How to pick orthologs for non-elegans species when tied for orthology methods (tie-breaker rules): We have too many C.elegans genes listed as orthologs for a non-elegans gene; these will be pruned using popularity (via number of publications) and (gene class name):

  1. If more then 3 orthologs, in the form of gene names (eg, abu-6, abu-7, abu-8) use the popularity and gene class to prune
  2. Genes that don't have any other members of their class get picked and mentioned first, by popularity, if not alphabetical; if tied by popularity, order by alphabetically
  3. If there is only one gene class, use popularity to pick the top 3 genes, order by popularity, if tied, use numerical
  4. If there is more than one gene class, use popularity to pick the top gene in each class, meaning you would name the leading (in popularity) gene class first; if tied, order alphabetically; in both cases
  5. If cosmid names (eg.C54D10.9), list upto 3, as gene class cannot be used
  6. If both genes and cosmids are present, use the gene class and popularity rules for the genes and leave the cosmids as is (total upto 3)
  7. If genes without gene classes and with gene classes are present, use popularity to pick either/both genes and gene classes (total upto 3). Order the genes first and then the gene classes, mention a single gene for each gene class, picked by popularity.
  8. If both popularity and gene class cannot be used, leave as such, upto 3.

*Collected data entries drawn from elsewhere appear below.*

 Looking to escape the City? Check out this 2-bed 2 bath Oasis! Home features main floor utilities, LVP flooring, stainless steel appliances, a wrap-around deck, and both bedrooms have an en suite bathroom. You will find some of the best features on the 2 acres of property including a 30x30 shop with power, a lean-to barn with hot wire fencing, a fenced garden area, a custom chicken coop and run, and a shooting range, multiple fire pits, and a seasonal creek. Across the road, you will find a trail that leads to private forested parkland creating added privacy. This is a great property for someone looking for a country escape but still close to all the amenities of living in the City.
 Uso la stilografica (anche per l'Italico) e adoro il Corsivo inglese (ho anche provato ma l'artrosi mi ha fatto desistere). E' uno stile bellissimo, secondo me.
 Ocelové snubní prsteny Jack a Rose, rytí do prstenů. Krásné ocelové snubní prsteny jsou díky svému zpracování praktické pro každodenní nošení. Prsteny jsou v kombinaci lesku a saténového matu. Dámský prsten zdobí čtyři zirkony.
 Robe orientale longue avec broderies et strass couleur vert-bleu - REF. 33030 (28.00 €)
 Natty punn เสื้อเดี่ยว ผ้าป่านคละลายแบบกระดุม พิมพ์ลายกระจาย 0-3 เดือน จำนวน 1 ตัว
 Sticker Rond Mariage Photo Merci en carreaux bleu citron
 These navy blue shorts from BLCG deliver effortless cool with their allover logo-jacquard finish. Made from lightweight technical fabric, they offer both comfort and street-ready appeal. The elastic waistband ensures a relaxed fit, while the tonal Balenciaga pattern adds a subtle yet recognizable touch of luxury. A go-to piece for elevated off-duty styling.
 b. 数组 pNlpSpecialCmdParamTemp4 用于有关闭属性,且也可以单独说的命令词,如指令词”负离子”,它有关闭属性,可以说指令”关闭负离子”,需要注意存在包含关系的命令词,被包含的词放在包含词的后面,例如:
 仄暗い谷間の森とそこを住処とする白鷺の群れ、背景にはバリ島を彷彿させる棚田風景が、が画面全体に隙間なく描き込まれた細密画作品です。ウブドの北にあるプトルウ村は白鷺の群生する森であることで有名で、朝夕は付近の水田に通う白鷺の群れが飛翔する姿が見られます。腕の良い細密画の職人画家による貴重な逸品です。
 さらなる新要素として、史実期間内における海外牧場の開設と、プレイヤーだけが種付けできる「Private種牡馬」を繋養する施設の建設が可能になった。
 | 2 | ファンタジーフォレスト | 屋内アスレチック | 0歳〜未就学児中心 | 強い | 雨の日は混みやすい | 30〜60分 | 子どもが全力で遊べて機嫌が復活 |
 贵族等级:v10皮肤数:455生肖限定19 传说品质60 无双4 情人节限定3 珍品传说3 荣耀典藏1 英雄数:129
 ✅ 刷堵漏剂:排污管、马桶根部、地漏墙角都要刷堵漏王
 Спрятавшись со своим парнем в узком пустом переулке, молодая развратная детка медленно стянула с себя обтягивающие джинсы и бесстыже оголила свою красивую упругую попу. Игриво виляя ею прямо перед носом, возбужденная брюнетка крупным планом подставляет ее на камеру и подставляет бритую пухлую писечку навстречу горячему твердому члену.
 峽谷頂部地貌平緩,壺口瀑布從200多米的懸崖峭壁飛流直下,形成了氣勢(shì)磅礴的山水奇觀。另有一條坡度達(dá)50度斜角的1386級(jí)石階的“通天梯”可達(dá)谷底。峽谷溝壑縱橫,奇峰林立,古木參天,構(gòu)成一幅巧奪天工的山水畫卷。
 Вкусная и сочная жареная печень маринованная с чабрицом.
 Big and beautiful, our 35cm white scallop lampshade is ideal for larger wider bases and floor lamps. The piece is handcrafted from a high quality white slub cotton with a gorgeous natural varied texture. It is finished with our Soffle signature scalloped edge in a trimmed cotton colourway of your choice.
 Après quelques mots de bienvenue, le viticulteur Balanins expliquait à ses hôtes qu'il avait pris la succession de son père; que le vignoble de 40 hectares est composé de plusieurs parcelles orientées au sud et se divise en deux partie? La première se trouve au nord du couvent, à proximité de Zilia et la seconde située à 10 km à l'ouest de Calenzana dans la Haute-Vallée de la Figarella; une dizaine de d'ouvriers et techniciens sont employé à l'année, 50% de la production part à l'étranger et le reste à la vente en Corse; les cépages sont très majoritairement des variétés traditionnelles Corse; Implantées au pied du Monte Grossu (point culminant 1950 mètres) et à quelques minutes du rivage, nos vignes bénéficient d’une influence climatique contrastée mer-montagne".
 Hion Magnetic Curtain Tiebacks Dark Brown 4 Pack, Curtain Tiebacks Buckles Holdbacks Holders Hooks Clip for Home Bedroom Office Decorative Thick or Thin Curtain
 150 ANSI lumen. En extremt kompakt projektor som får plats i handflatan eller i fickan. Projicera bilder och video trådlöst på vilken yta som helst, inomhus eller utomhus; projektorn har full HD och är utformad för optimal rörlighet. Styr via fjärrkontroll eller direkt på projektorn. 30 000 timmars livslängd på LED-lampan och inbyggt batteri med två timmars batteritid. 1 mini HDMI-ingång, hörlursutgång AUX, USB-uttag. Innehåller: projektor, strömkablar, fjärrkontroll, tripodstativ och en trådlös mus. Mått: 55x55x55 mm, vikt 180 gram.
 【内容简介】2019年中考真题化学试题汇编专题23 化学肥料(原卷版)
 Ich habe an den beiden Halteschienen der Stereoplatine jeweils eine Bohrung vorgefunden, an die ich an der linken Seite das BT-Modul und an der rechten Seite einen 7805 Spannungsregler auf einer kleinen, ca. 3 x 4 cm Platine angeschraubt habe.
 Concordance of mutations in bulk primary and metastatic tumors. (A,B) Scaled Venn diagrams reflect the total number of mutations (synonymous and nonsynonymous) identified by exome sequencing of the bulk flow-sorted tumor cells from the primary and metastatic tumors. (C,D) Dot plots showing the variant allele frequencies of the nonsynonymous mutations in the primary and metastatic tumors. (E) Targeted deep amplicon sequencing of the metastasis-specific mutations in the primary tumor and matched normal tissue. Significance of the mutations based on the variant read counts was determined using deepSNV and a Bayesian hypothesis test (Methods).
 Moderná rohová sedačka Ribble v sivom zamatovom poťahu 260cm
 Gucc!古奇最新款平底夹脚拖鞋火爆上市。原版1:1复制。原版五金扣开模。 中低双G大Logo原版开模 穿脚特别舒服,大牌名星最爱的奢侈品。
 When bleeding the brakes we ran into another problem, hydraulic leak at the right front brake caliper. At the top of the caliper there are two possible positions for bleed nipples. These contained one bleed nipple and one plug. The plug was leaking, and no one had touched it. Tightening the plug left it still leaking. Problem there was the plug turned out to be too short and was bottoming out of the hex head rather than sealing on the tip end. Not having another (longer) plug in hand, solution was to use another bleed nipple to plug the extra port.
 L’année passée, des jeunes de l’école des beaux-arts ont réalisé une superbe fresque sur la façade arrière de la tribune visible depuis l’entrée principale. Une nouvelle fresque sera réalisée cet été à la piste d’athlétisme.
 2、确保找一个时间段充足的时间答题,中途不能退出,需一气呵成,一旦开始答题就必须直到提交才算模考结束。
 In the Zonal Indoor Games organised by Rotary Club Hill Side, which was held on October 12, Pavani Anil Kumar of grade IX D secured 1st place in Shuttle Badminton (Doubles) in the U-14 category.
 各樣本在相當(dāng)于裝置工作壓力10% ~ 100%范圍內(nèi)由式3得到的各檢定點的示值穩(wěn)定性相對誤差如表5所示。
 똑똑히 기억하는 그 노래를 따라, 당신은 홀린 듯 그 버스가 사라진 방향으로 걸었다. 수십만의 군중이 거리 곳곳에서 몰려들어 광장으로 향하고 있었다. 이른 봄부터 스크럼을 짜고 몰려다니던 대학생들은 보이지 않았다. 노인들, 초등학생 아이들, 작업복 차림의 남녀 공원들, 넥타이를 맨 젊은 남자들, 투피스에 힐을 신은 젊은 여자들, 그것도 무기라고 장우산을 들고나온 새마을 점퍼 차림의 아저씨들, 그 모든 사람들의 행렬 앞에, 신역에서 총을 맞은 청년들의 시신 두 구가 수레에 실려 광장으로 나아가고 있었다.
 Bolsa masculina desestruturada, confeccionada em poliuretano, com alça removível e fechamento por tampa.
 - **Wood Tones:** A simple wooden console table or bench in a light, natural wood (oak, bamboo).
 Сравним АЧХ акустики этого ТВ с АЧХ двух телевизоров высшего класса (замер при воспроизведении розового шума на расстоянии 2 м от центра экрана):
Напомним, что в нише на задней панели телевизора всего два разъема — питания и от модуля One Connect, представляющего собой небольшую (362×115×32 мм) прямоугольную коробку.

How to pick human orthologs for C. elegans when tied for orthology methods (tie-breaker rules):

  1. Group human genes by their family names, when 3 or more human orthologs are present, mention the first member
  2. If more than one family is present, include the first member from each family
  3. If a gene does not fall into any human gene family, leave as is, and mention this gene first, with the word 'human' before it.
  4. If a gene is the only member of a human gene family, mention the gene with the word 'human' before it, and not the family.
valearna commented 6 years ago

Instead of creating a request to Human gene names API for each gene, we can download a file containing the data we need for all genes at the same time. This will save A LOT of time.

https://www.genenames.org/cgi-bin/download?col=gd_hgnc_id&col=gd_app_sym&col=gd_app_name&col=gd_pub_ensembl_id&col=family.id&col=family.name&status=Approved&status=Entry+Withdrawn&status_opt=2&where=&order_by=gd_app_sym_sort&format=text&limit=&hgnc_dbtag=on&submit=submit

valearna commented 5 years ago

We decided to remove rule 3. and we now include all human orthologs without excluding those with only 1 method.